▶ Your objective:
Type out the listing below exactly. Pictures stay out of it.
Segment Start: Material provided
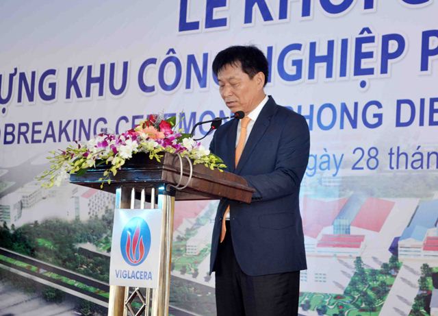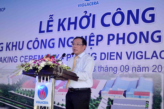 Speaking at the ceremony, Deputy Secretary of Party Committee - Chairman Nguyen Van Cao recognized and appreciated the efforts of Viglacera Corporation – JSC in construction project investment in Phong Dien Industrial Zone. The investment of the Corporation will create a breakthrough in attracting investment and promote Hue’s industrial zone’s growth in the next period. Thua Thien Hue Province committed to create favorable conditions for investors to implement the project on schedule.
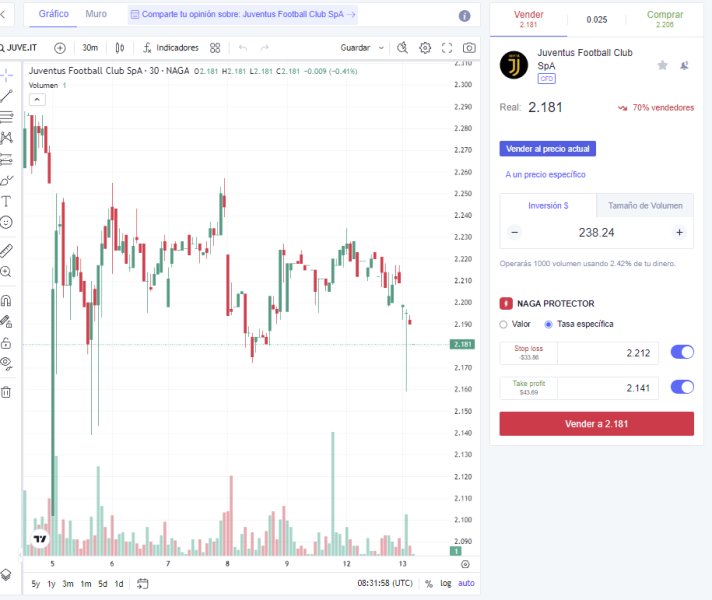 La plataforma de Naga es una de las características que más me gusta. Es como operar con la máxima comodidad. Incluso puedo operar con las acciones de mis equipos de fútbol favoritos. Al operar, es genial ya que muestra las tendencias actuales, también calcula cuánto de tu depósito estás usando basado en los lotes que pones. Además, el sistema de stop loss y take profit está cuidadosamente pensado. Tradingview está bien, hay instrumentos de sobra.
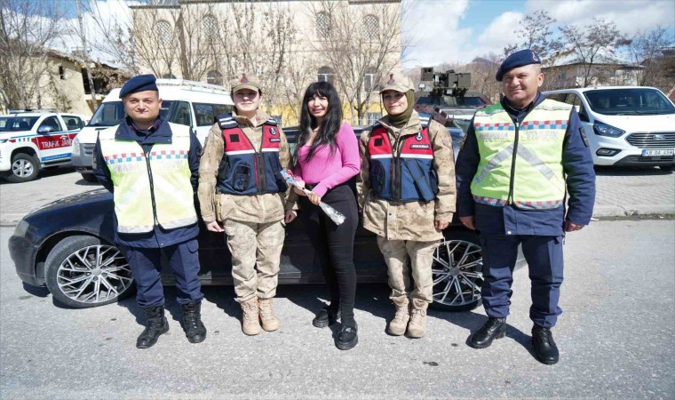 Muş İl Jandarma Komutanlığında görevli kadın komutanlar, 8 Mart Dünya Kadınlar Günü dolayısıyla ziyaret ettikleri köydeki kadınların gününü kutlayarak karanfil dağıttı.
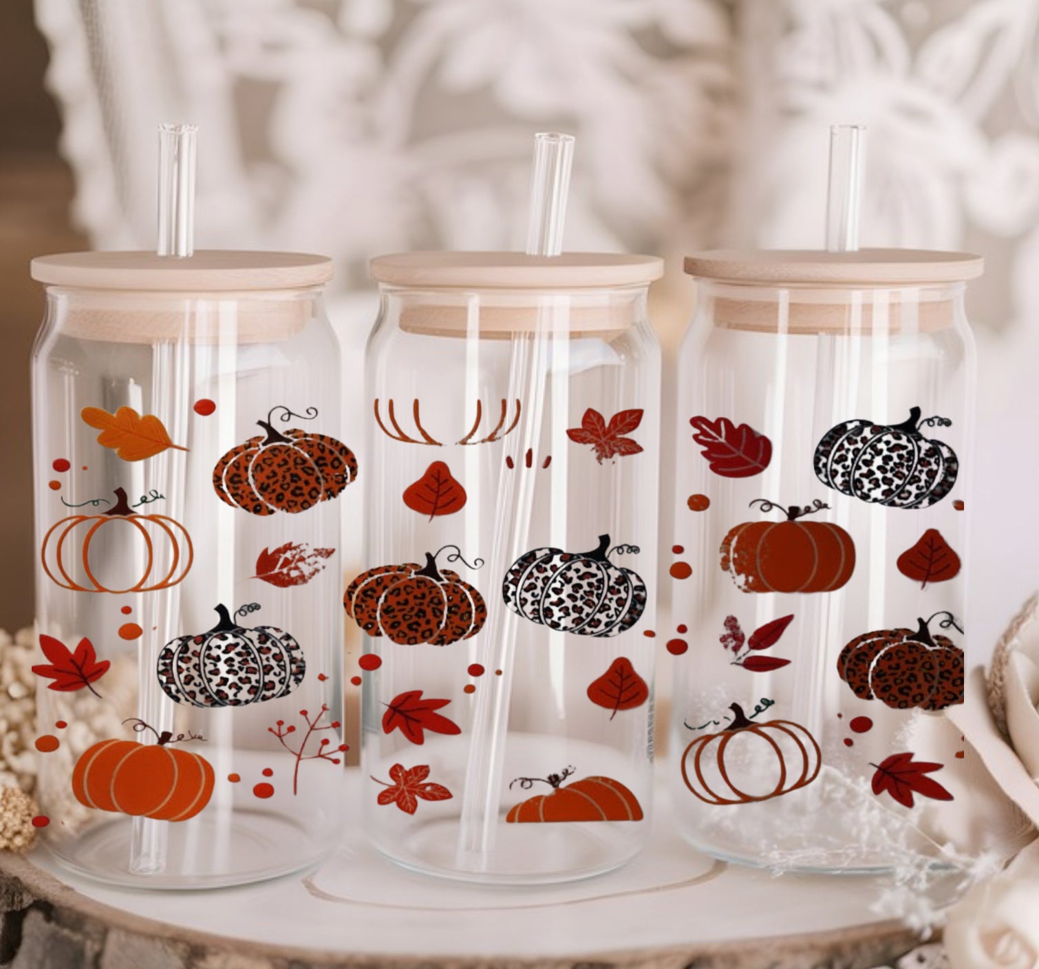 Get into the autumn spirit with this stylish 16oz cup, available in both glass can and stainless steel options. Featuring a trendy mix of leopard print and classic orange pumpkins, along with falling leaves and cozy fall vibes, this cup is perfect for sipping your favorite seasonal drinks. Comes with a bamboo lid and reusable straw, making it both chic and eco-friendly. Whether you’re enjoying a pumpkin spice latte or a crisp apple cider, this cup is a must have for fall lovers!
Segment End: Material provided
▶ Result:
 Speaking at the ceremony, Deputy Secretary of Party Committee - Chairman Nguyen Van Cao recognized and appreciated the efforts of Viglacera Corporation – JSC in construction project investment in Phong Dien Industrial Zone. The investment of the Corporation will create a breakthrough in attracting investment and promote Hue’s industrial zone’s growth in the next period. Thua Thien Hue Province committed to create favorable conditions for investors to implement the project on schedule.
 La plataforma de Naga es una de las características que más me gusta. Es como operar con la máxima comodidad. Incluso puedo operar con las acciones de mis equipos de fútbol favoritos. Al operar, es genial ya que muestra las tendencias actuales, también calcula cuánto de tu depósito estás usando basado en los lotes que pones. Además, el sistema de stop loss y take profit está cuidadosamente pensado. Tradingview está bien, hay instrumentos de sobra.
 Muş İl Jandarma Komutanlığında görevli kadın komutanlar, 8 Mart Dünya Kadınlar Günü dolayısıyla ziyaret ettikleri köydeki kadınların gününü kutlayarak karanfil dağıttı.
 Get into the autumn spirit with this stylish 16oz cup, available in both glass can and stainless steel options. Featuring a trendy mix of leopard print and classic orange pumpkins, along with falling leaves and cozy fall vibes, this cup is perfect for sipping your favorite seasonal drinks. Comes with a bamboo lid and reusable straw, making it both chic and eco-friendly. Whether you’re enjoying a pumpkin spice latte or a crisp apple cider, this cup is a must have for fall lovers!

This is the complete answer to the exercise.